In order to achieve the above dielectric constant, for example, it is simple and effective to contain 1.0 × 10 ^{−4 to} 2.0 × 10 ⁻¹ volume% of water in the introduced gas. . In particular, 5.0 × 10 ^{−4 to} 1.0 × 10 ⁻² vol% is preferable. When the water content is too low, the effect of charge diffusion is reduced, which is not preferable. On the other hand, when the water content is too high, water is easily adsorbed on the film surface, which adversely affects the properties at the time of forming a thin film.

  In addition, it is also effective in controlling the relative dielectric constant to contain oxygen gas in the introduced gas in an amount of less than 50% by volume, preferably 1 to 50% by volume, in addition to the water. More effective is 1 to 25% by volume. Furthermore, by flowing oxygen gas into the vacuum chamber and exhausting it, it is possible to simultaneously reduce the water in the chamber due to the gettering effect.

Such a discharge phenomenon can be discussed empirically by Paschen's law. Paschen's law is the following formula (2) when the discharge start voltage is V _s

Where p and d represent the pressure of the discharge atmosphere and the distance between the discharge electrodes (in the present invention, between the films of the film peeling portion), and B and C are constants obtained empirically, respectively. It is.

  In the present invention, the inter-film distance d can be assumed to be constant because it is a feeding portion from the film.

And can be converted. In the formula (3), the ratio of B ′ to C ′ (B ′ / C ′) is preferably 0.3 or more. FIG. 2 shows a curve based on the equation (3). However, since the absolute value of the discharge start voltage could not be obtained quantitatively, it was shown as a relative value. As for the pressure, since the local pressure cannot be measured, the relative value is shown in the same manner as the discharge start voltage. As shown in FIG. 2, the higher the ratio, the greater the discharge start voltage on the vertical axis, that is, the strip discharge can be suppressed. In order to set the ratio to the above value, it is necessary to set the gas spray conditions as described above.

  The film according to the present invention will be described below. The film roll 200 and the film 201 are not particularly limited as long as they can be made into a roll shape, and a metal foil shape can also be used. However, the present invention is effective when a dielectric material such as a plastic film is used. Demonstrate. Materials used as the base material of the plastic film include polyalkylene terephthalates, polyalkylene naphthalates, cycloolefins, polycarbonates, polyolefins, polyimides, and the like, and the thickness is about 10 μm to 200 μm. On these films, a hard coat layer or a layer that suppresses diffusion of oligomers from the substrate may be formed for the purpose of preventing scratches. It is important that the thickness of the hard coat layer or the oligomer diffusion suppressing layer is not impaired the function and flexibility of the film, and is formed with a thickness of about 0.5 to 15 μm. In the case of using a stretched film, the strain due to stretching remains in the molecular chain, and thus has the property of being thermally contracted when heated. In order to reduce such heat shrinkage, stress is relaxed by adjusting the stretching conditions and heating after stretching, the thermal shrinkage rate is reduced to about 0.2% or less, and the heat shrink start temperature is increased. Biaxially stretched films (low heat shrink films) are known. From the viewpoint of suppressing problems due to heat shrinkage of the base material, it has also been proposed to use such a low heat shrink film as the base material.

  The peeling discharge phenomenon described in the present invention is considered to occur through the following process. That is, an electric charge is generated on the film surface due to friction at the time of film production and friction due to winding deviation or the like. The charge differs between the opposite films, which makes it easier for the films to adhere to each other. A strongly adhered film induces contact charging due to its influence. The degree of contact charging is determined by the difference in ionization potential between opposing films. The contact-charged film adheres more strongly, and as a result, the amount of charge is further increased, the potential difference between the films increases, and when the potential difference becomes equal to or higher than the discharge start voltage, peeling discharge occurs.
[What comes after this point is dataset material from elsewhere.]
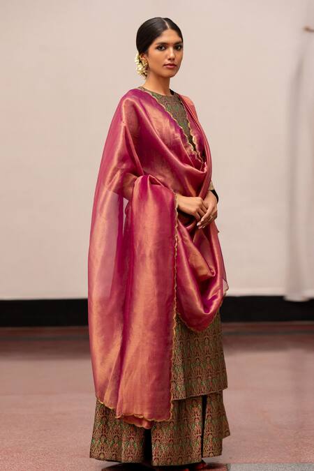Magenta dupatta crafted in tissue silk featuring scallop embroidered border
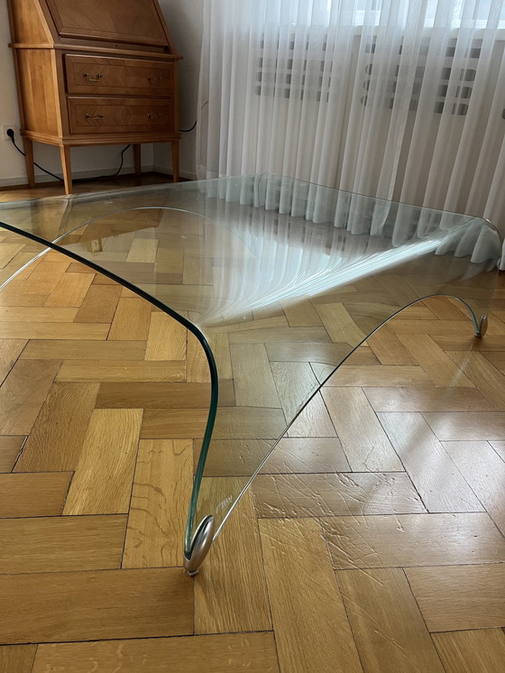 Tavolino da caffè o tavolino da divano in vetro vintage modernista chiamato GENIO, progettato da Massimo Iosa Ghini nel XX secolo. La forma chiara, curva e a cascata conferisce al tavolo un aspetto leggero e fluttuante. Solo i piedini in metallo aggiungono un senso di stabilità. Un bellissimo design del famoso designer Massimo Iosa Ghini, membro del movimento di design d'avanguardia Memphis Group di Ettore Sottsass e responsabile di numerose installazioni in catene di negozi e hotel. Il tavolino è firmato e realizzato in vetro di sicurezza da Fiam, Italia. Le sue condizioni vintage sono molto buone, senza danni e con qualche piccolo graffio. Il design pulito e semplice si adatta perfettamente a un ambiente moderno o tradizionale. Dimensioni approssimative: Larghezza 110,5 cm, Profondità 62,5 cm, Altezza 37 cm. Designer: Massimo Iosa Ghini. Stile: Moderno. Materiali: Vetro e metallo. Luogo di origine: Italia. Periodo: 1990-1999.

  The occurrence of the potential difference as described above is likely to occur because the ionization potential difference of the material occurs when the front and back surfaces of the film have an asymmetric structure / composition. A typical example is a so-called index matching film in which a hard coat layer is formed on one side of the film and an optical film thickness control layer (index matching layer) is formed on the opposite side. In the index matching film, the hard coat layer is an organic substance (polymer compound), but since the index matching layer generally contains an inorganic substance for controlling the refractive index, the hard coat layer and the index matching layer are separated from each other. It is considered that a potential difference is likely to occur between the layers by contact.
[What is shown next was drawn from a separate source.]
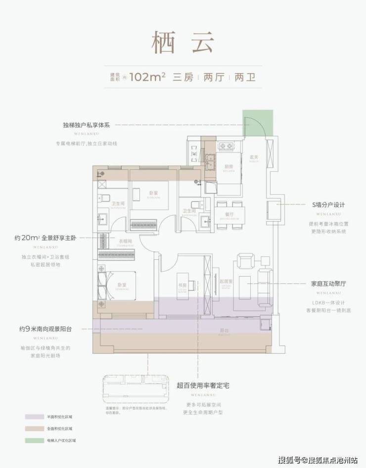 除了电梯前室、飘窗等优化面积外,阳台+花池的可优化面积非常大,得房率高。

  Next, a gas spraying method will be described. It is most effective to spray the gas at a location where the film 201 peels from the film roll 200. There is also a method of raising the pressure of the whole chamber atmosphere to several Pa, but since the pressure of the whole chamber becomes high, there is a possibility of adverse effects such as high pressure on the subsequent thin film formation chamber, which is not preferable. .

  Thus, in order to spray on the peeling site in a spot manner, it is effective that the spray port is attached to the follow-up system of the roll-to-roll equipment. The follow-up system changes the position according to the outer diameter of the film roll 200 that changes as the film 201 is fed, and feeds the film roll with a stable tension from the outer end to the core side end. System. By attaching to this follow-up system, it is possible to spray the peeled portion regardless of the film roll diameter.

  When spraying the gas, it is preferable to spray almost uniformly in the width direction of the film. In local spraying, it is difficult to control the pressure at the peeling site, and it is difficult to completely suppress the peeling discharge, and the water contained in the gas is sprayed locally by spraying locally. This is because it may cause non-uniformity in film properties when adsorbed on the film.

  The present invention can be applied to the use of forming a thin film on a film substrate by using a vacuum process. In particular, an electrode layer, a semiconductor thin film layer, or a touch panel when a display, a light emitting device, or a photoelectric conversion device is formed on a film. This can be preferably applied when forming a transparent electrode layer or the like. Especially for touch panel applications, the above-mentioned index matching film is often applied, which is effective.

  Hereinafter, the present invention will be described more specifically with reference to examples. However, the present invention is not limited to these examples.

(Production of film roll)
A hard coat layer made of polyacrylic resin was formed with a thickness of 1 μm on one side of a polyethylene terephthalate (PET) film (thickness: 50 μm), and an index matching layer was formed on the opposite side. The index matching layer was prepared by dissolving acrylic resin (trade name: Dianar BR-102, manufactured by Mitsubishi Rayon) in methyl cellosolve. The solid content concentration was 30% by weight. The resin solution obtained by adding 4% by weight of titanium oxide (trade name: titania particles TECNAPOW-TIO2, manufactured by Air Brown) to this resin solution and thoroughly stirring the resin solution to a thickness of 1 micrometer This was applied and dried at 125 ° C. for 15 minutes to form an index matching layer having a thickness of 0.3 μm.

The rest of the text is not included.